Ela então alterou a pergunta: Você está feliz? Coutinho então respondeu: "É bom, é bom. Sei lá."
"Cabra Marcado Para Morrer"
Eduardo Coutinho nasceu em São Paulo em 11 de maio de 1933. Começou a faculdade de Direito, mas não concluiu, ligando-se ao teatro e ao cinema ainda na juventude. Na década de 1960, integrou-se ao Centro Popular de Cultura da União dos Estudantes e começou a trabalhar no projeto que seria "Cabra Marcado Para Morrer".
Quando o projeto começou, no início dos anos 1960, pensava-se numa obra de ficção, em que camponeses reencenariam uma história real, a do líder camponês João Pedro Teixeira, fundador da Liga Camponesa de Sapé (PB), assassinado a mando de latifundiários em 1962.
Quando finalmente o cineasta conseguiu os recursos para a filmagem, produzida pelo Centro Popular de Cultura da UNE e o Movimento de Cultura Popular (PE), já era 1964. No meio das gravações, o projeto foi interrompido pela ditadura. Imagens e câmeras foram perdidas, membros da equipe foram presos ou tiveram de fugir, mas uma parte do material filmado foi preservado.
Forçado a abandonar o projeto, Coutinho passou a integrar a equipe do programa "Globo Repórter", da Rede Globo.

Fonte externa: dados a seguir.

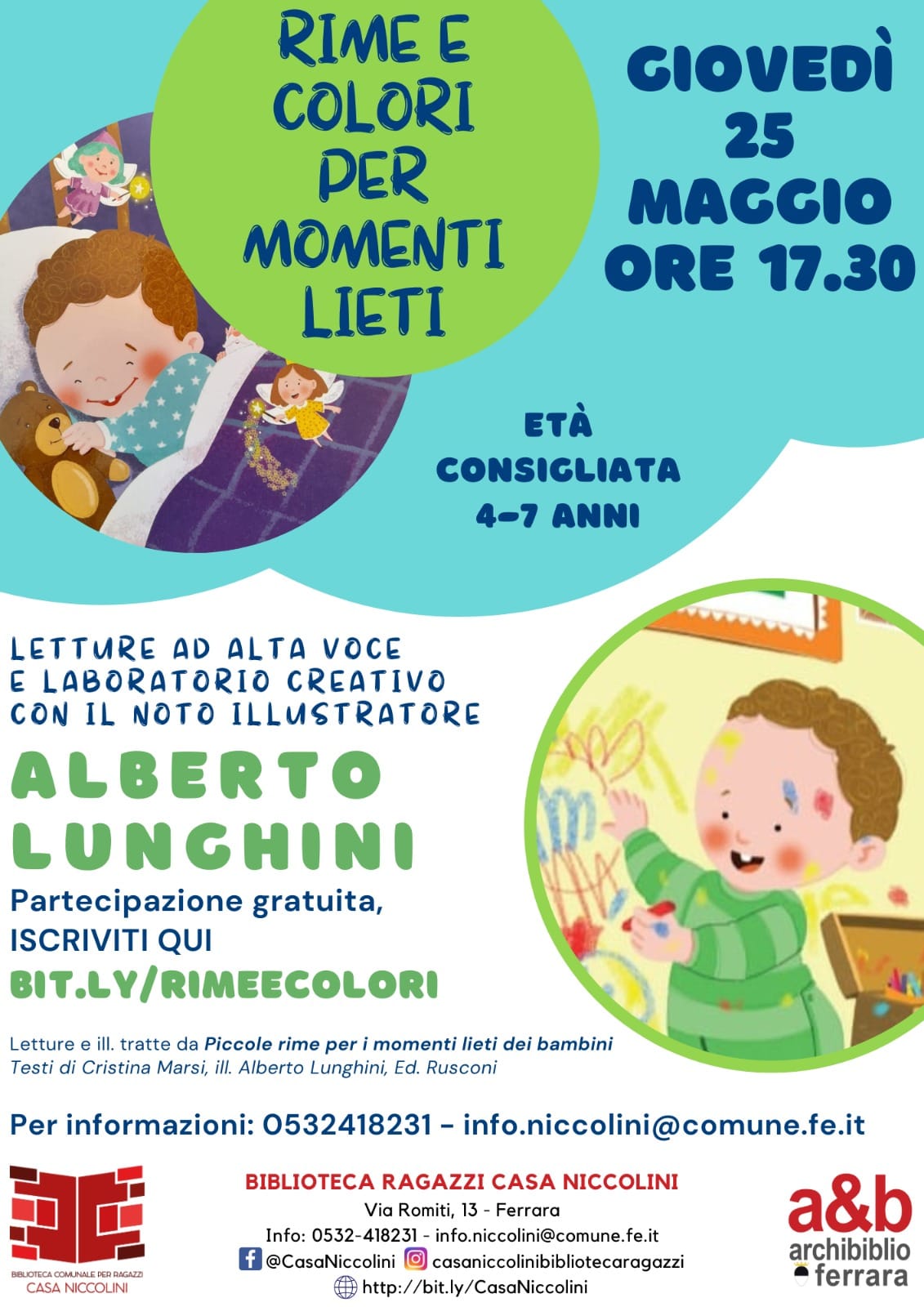 Biblioteca per ragazzi Casa Niccolini via Romiti, 13, Ferrara, Ferrara, ItaliaLetture ad alta voce e laboratorio creativo per bambini dai 4 anni ai 7 anni. Alberto Lunghini e…
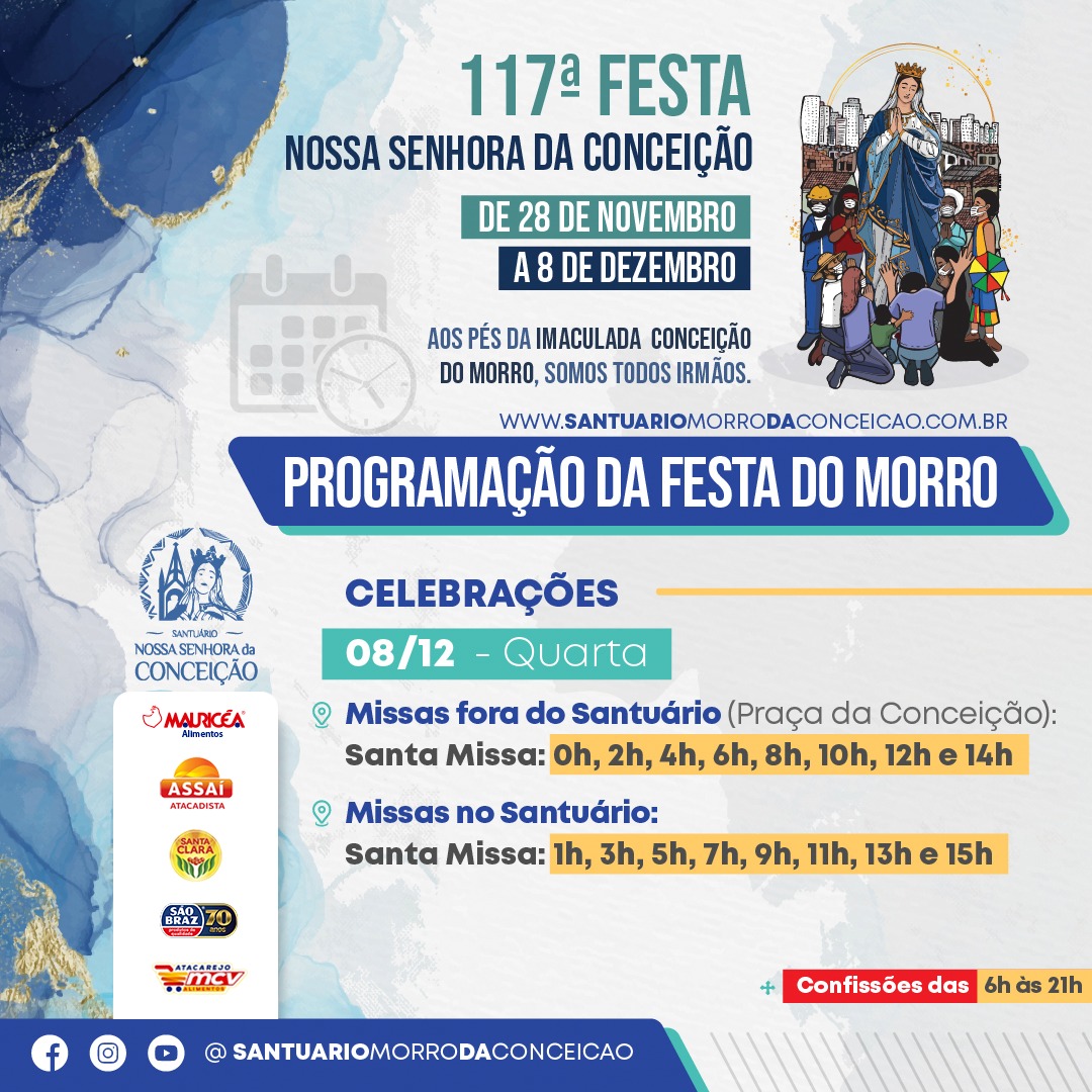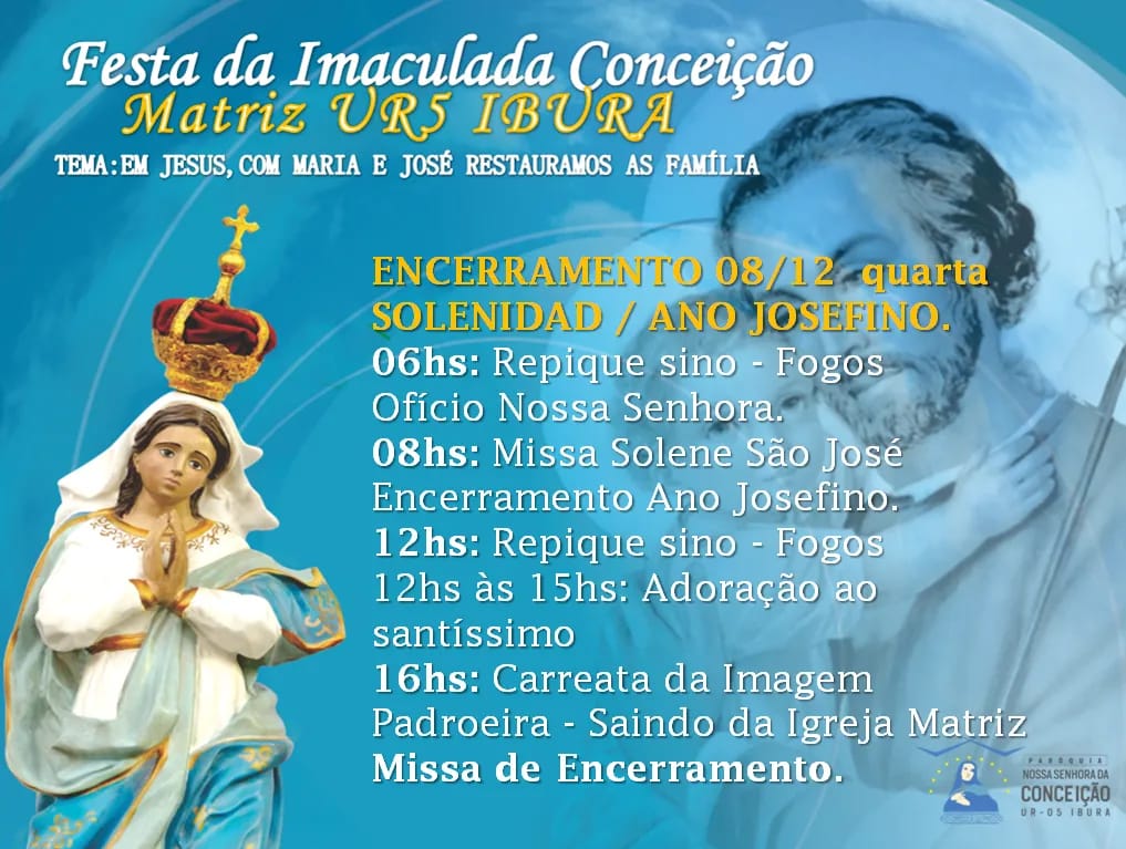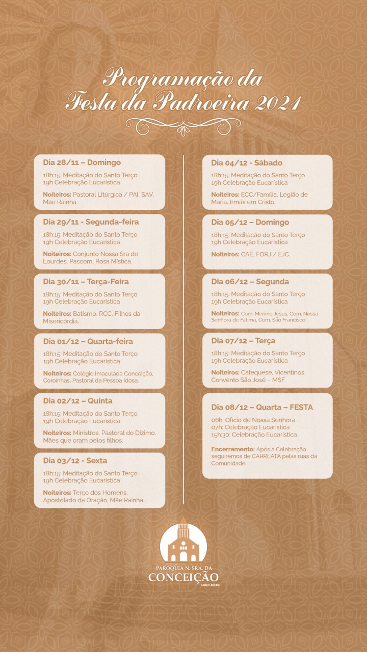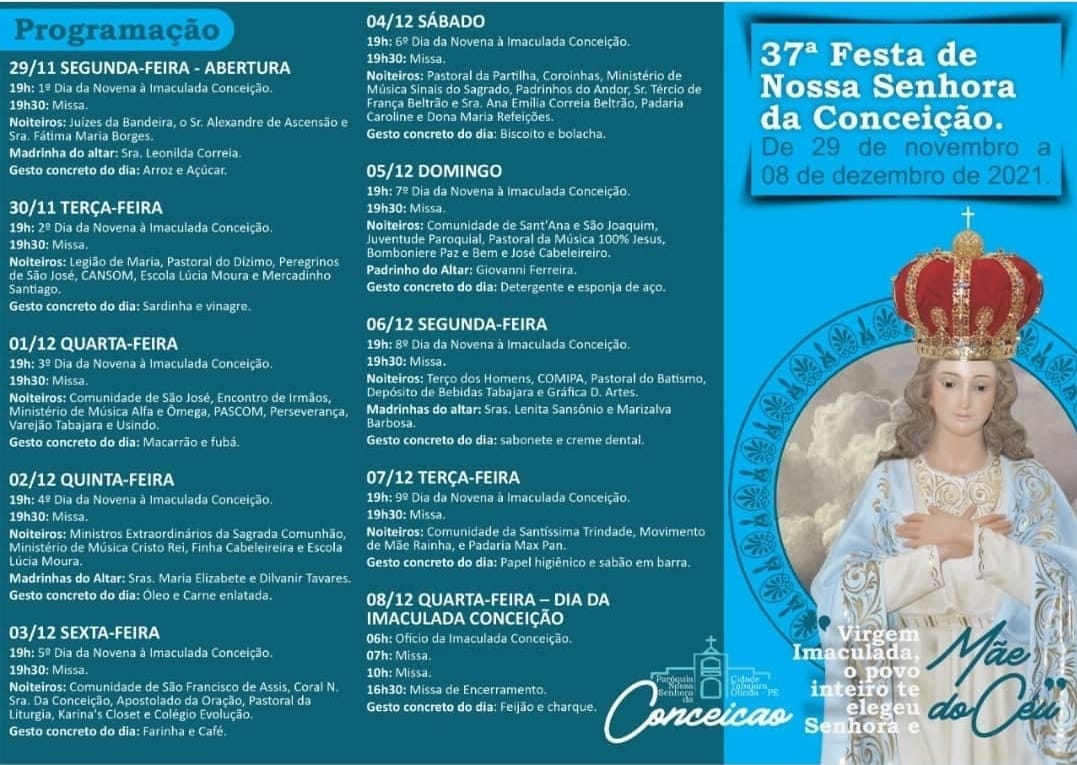 Veja abaixo a programação das festas em algumas paróquias dedicadas a Nossa Senhora da Conceição.

Lá descobriu a vocação para o documentário, deixando para trás os filmes de ficção que, anos depois, renegou como parte desinteressante de sua filmografia.
Nos anos 1980, após a abertura política, Coutinho retomou o projeto de "Cabra Marcado para Morrer", combinando diferentes tempos narrativos: as imagens restantes do filme inicial de 1964 e novas gravações com os personagens, que reencontrou anos depois. O resultado foi um dos melhores e mais importantes documentários da história do País.
A partir daí, fez vários outros trabalhos elogiados, muitos sobre pessoas marginalizadas, como "Santa Marta" e "Boca do Liuxeo". Em "Edifício Master", contou a histõria dos moradores do tradicional prédio do Rio de Janeiro; em "Peões", falou sobre a classe operária do ABC paulista; mais recentemente, em "Jogo de Cena" e "Moscou", discutiu os limites entre ficção e realidade.
Seu filme mais recente, "As Canções", de 2011, é um dos mais emocionantes de sua carreira. Conversando com populares, Coutinho pedia que cada um cantasse a música de sua vida e explicasse o motivo da escolha. O filme funciona como um bom resumo do cinema do diretor: simples e sem artifícios.